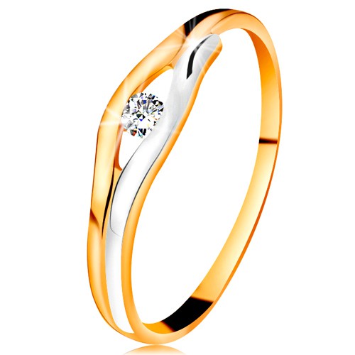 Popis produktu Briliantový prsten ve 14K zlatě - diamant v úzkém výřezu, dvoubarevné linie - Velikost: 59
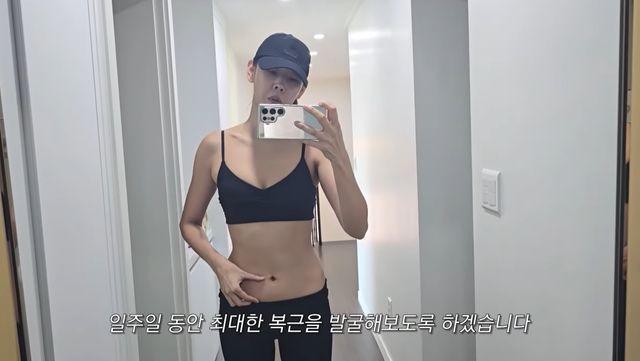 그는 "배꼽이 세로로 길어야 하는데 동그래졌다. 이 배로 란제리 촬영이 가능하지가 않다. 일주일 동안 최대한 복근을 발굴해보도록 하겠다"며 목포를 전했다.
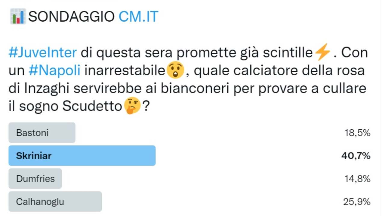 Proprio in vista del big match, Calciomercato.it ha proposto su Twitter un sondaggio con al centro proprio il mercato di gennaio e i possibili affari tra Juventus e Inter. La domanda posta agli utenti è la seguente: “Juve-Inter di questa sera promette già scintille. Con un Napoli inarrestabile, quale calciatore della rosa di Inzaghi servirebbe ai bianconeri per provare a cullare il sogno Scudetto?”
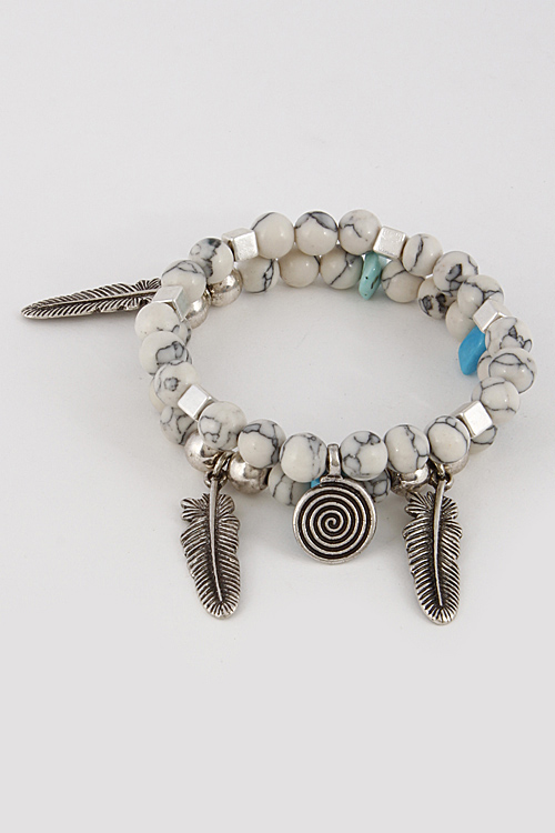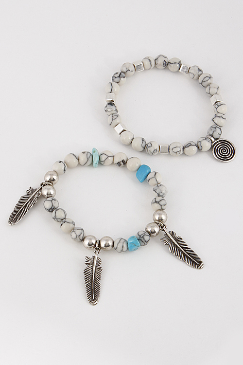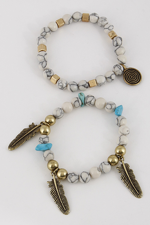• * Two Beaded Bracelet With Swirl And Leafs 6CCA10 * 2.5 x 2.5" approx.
§ §
The answer must be the lines above, word for word, from the first one through the line with "세로로 길어야 하는데", pictures excluded.

RESPONSE —
 Popis produktu Briliantový prsten ve 14K zlatě - diamant v úzkém výřezu, dvoubarevné linie - Velikost: 59
 그는 "배꼽이 세로로 길어야 하는데 동그래졌다. 이 배로 란제리 촬영이 가능하지가 않다. 일주일 동안 최대한 복근을 발굴해보도록 하겠다"며 목포를 전했다.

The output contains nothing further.